Prototyping with ComfyUI is fun and easy, but there isn’t a lot of guidance today on how to “productionize” your workflow, or serve it as part of a larger application. In this blog post, I’m going to show you how you can use Modal to manage your ComfyUI development process from prototype to production as a scalable API endpoint.

Example: Serve ComfyUI inpainting as an API endpoint

Check out our ComfyUI API example, which stands up a web endpoint that takes a prompt and input image via http request, runs the ComfyUI inpainting example, and writes the generated image to a volume.

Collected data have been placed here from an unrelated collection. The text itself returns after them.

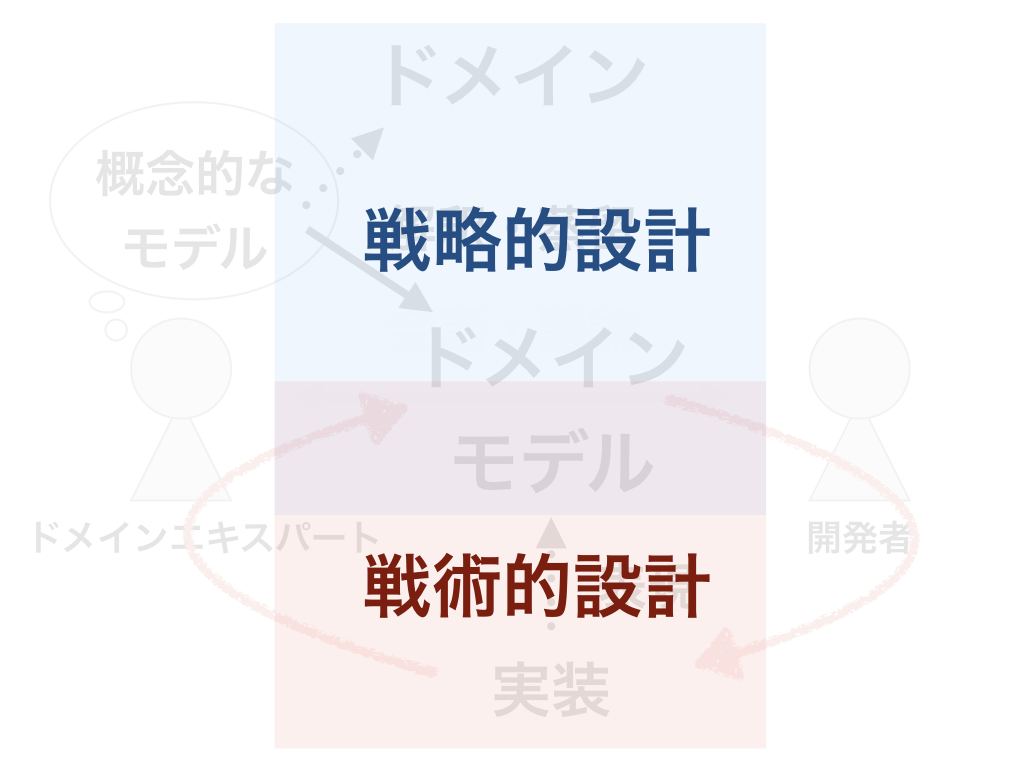 ドメインモデルを作り上げるために役立つ手法が戦略的設計、ドメインモデルからそれを表現した実装を行っていくのに役立つ手法が戦術的設計です。
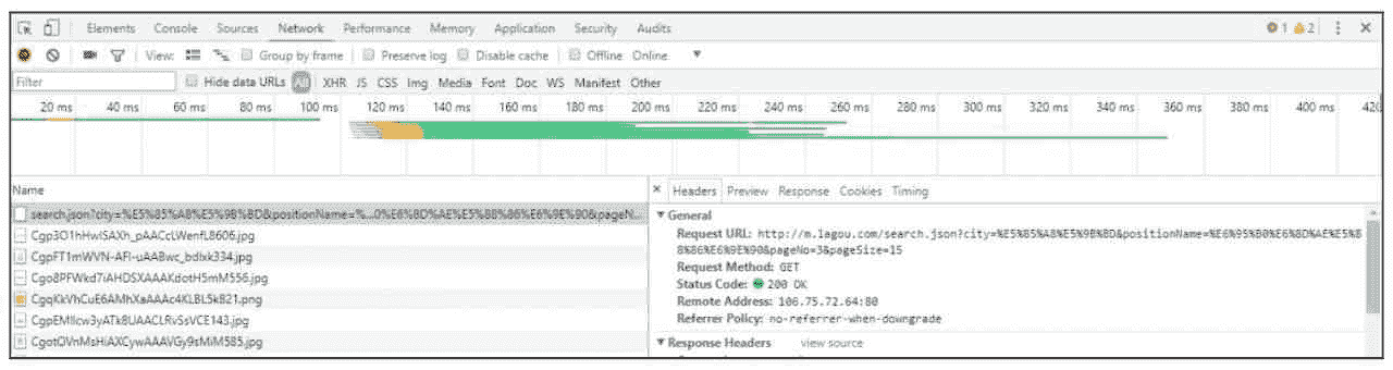 从 8-4 图中可以看到 Request URL 为 http://m.lagou.com/search.json?city= %E5%85%A8%E5%9B%BD&positionName=%E 6%95%B0%E6%8D%AE%E5%88%86%E6%9E%90&pageNo=3&pageSize=15。
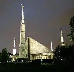 The city is also home to a sizable LDS community. The Church of Jesus Christ of Latter-day Saints has fifteen stakes throughout Dallas and surrounding suburbs.[6] The Church built the Dallas Texas Temple, the first temple in Texas, in the city in 1984.[7]

ComfyUI inpainting workflow screenshot

Source: https://github.com/comfyanonymous/ComfyUI_examples/tree/master/inpaint

To run this example, first sign up for an account and clone our examples repo. To stand up the web endpoint, run:

> cd 06_gpu_and_ml && modal serve comfyui.workflow_api

Then, pass a prompt and input image via HTTP. This triggers a ComfyUI workflow run and saves the generated image to a volume:

> curl 'https://<your-workspace-name>--example-comfy-python-api-serve-workflow-dev.modal.run' \
  -X POST \
  -H 'Content-Type: application/json' \
  -d '{"prompt": "white heron", "image": "https://raw.githubusercontent.com/comfyanonymous/ComfyUI_examples/master/inpaint/yosemite_inpaint_example.png"}'

Image saved at volume comfyui-images!

This diagram illustrates how you can turn your own ComfyUI workflow into a production-ready endpoint:

ComfyUI workflow daigram

  1. Spin up a ComfyUI development instance
  2. Export your workflow as JSON
  3. Run our helper function to eject from JSON into a Python-based ComfyUI workflow
  4. Serve your workflow as a web endpoint

Read on for more detail in each step, or watch this walkthrough video:

1) Spin up a ComfyUI development instance

Run our ComfyUI example to spin up your own ComfyUI development instance where you can build your workflow:

> modal serve 06_gpu_and_ml/comfyui/comfy_ui.py

This spins up a container running ComfyUI that you can access at a url like https://<your-workspace-name>--example-comfy-ui-web-dev.modal.run

You can further customize this ComfyUI instance by adding custom checkpoints to CHECKPOINTS and custom plugins to PLUGINS in the comfy_ui.py script. This will rebuild the image and you may need to refresh your browser.

When you are done with your session, remember to Ctrl+C out of the container to spin down the instance so you aren’t charged for inactivity.

2) Export your workflow as JSON

After you’ve designed your workflow in the UI, the first step to productionizing it is to export the workflow as an API-compatible JSON object.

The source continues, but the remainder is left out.